Question :
130.A discount bonds payable best described as:
A. An element of future : 1259427
130.A discount on bonds payable is best described as:
A. An element of future interest expense.
B. A bonus paid by the bondholders to the issuing corporation because of the unusually high interest rate stated in the bonds.
C. The present value of the future interest payments of bond interest and principal.
D. An amount below par which the bondholders may be called upon to make good.
131.Amortizing a discount on bonds payable:
A. Increases interest expense.
B. Increases periodic cash payments to bondholders.
C. Decreases interest expense.
D. Decreases periodic cash payments to bondholders.
132.Premium on bonds payable:
A. Is an asset account.
B. Increases the carrying value of the liability.
C. Is a contra-asset account.
D. Is disclosed by a footnote.
133.Amortizing a premium on bonds payable:
A. Increases interest expense.
B. Increases periodic cash payments to bondholders.
C. Decreases interest expense.
D. Decreases periodic cash payments to bondholders.

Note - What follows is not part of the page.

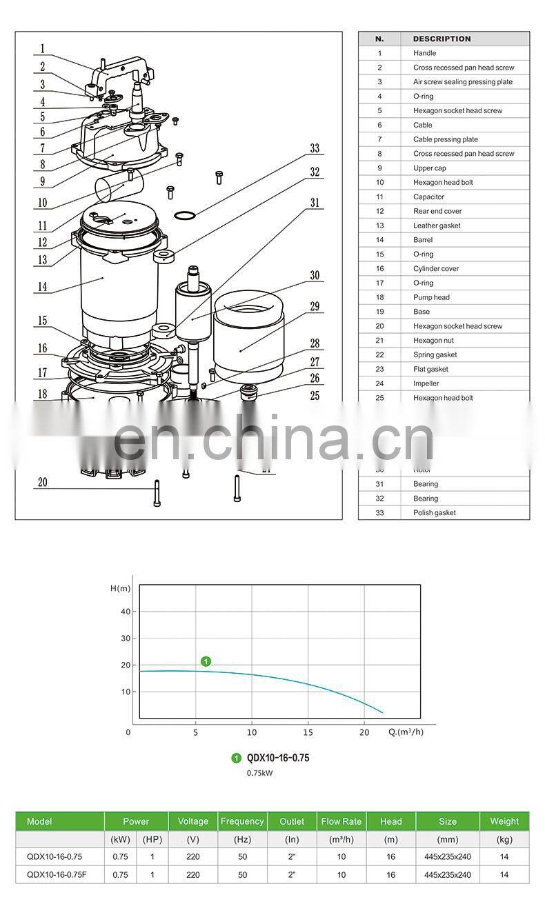 High Lift Large Flow Domestic 0.75 KW 1HP Submersible Clean Water Pump |

134.On February 28, 2015, $5,000,000 of 6%, 10-year bonds payable, dated December 31, 2014, are issued. Interest on the bonds is payable semiannually each June 30 and December 31. If the total amount received (including accrued interest) by the issuing corporation is $5,060,000, which of the following is correct?
A. The bonds were issued at a premium.
B. The amount of cash paid to bondholders on the next interest date, June 30, 2015, is $300,000.

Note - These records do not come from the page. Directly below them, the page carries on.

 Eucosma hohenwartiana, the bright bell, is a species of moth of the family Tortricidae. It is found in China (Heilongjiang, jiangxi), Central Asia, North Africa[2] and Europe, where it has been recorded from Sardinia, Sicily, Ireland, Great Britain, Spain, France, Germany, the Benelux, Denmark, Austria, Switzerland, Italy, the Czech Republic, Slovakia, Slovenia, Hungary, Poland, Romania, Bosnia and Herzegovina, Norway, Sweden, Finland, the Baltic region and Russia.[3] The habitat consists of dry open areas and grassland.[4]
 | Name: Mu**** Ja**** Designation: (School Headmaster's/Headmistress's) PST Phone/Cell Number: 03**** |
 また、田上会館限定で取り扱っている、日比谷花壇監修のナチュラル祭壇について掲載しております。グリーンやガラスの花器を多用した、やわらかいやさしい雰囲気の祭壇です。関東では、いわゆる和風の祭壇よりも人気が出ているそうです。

C. The amount of cash paid to bondholders on the next interest date, June 30, 2015, is $50,000.
D. The bonds were issued at a discount.
Webster Company issues $1,000,000 face value, 6%, 5-year bonds payable on December 31, 2015. Interest is paid semiannually each June 30 and December 31. The bonds sell at a price of 97; Webster uses the straight-line method of amortizing bond discount or premium.
135.Refer to the information above. The entry made by Webster Company to record issuance of the bonds payable at December 31, 2015, includes:
A. A debit to Cash of $1,000,000.
B. A debit to Discount on Bonds Payable of $30,000.
C. A credit to Bonds Payable of $970,000.
D. A credit to Bond Interest Payable of $30,000.
136.Refer to the information above. Webster’s entry at June 30, 2016, to record the first semiannual payment of interest and amortization of discount on the bonds includes a:
A. Debit to Bond Interest Expense of $30,000.
B. Credit to Cash of $33,000.
C. Debit to Discount on Bonds Payable of $3,000.
D. Debit to Bond Interest Expense of $33,000.
137.Refer to the information above. The amount of bond interest expense recognized by Webster Company in 2016 with respect to these bonds is:
A. $60,000.
B. $63,000.
C. $120,000.
D. $66,000.
138.Refer to the information above. The carrying value of this liability in Webster Company’s December 31, 2016, balance sheet is:
A. $1,000,000.
B. $970,000.
C. $976,000.
D. $967,000.
Trego Company issued, on December 31, 2015, $1,000,000 face value, 4%, 5-year bonds. Interest will be paid semiannually each June 30 and December 31. The bonds sold at a price of 102; Trego uses the straight-line method of amortizing bond discount or premium.
139.Refer to the information above. The entry made by Trego Company to record issuance of the bonds payable at December 31, 2015, includes:
A. A debit to Cash of $1,000,000.
B. A credit to Premium on Bonds Payable of $20,000.
C. A credit to Bonds Payable of $1,020,000.
D. A credit to Bond Interest Payable of $20,000.